** Supplied material **
*****

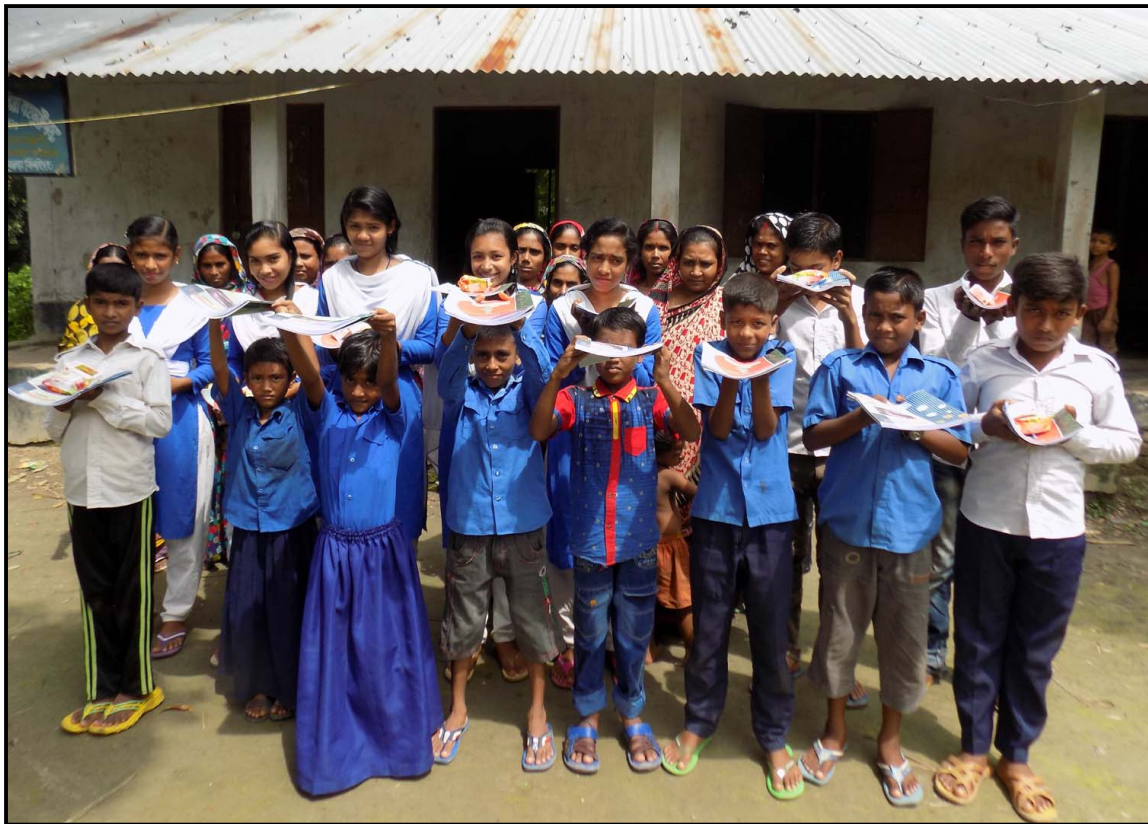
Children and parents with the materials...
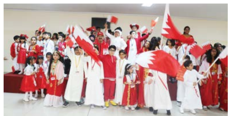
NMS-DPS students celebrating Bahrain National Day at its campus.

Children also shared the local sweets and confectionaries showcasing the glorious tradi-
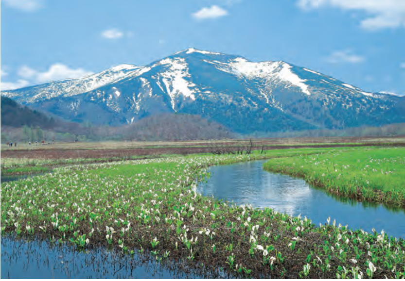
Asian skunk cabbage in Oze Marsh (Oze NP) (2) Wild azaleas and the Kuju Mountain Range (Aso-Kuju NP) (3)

*****

** Work to be completed **
All of the material above must be given again verbatim, except for the pictures.

** Answer to this task **
Children and parents with the materials...
NMS-DPS students celebrating Bahrain National Day at its campus.

Children also shared the local sweets and confectionaries showcasing the glorious tradi-
Asian skunk cabbage in Oze Marsh (Oze NP) (2) Wild azaleas and the Kuju Mountain Range (Aso-Kuju NP) (3)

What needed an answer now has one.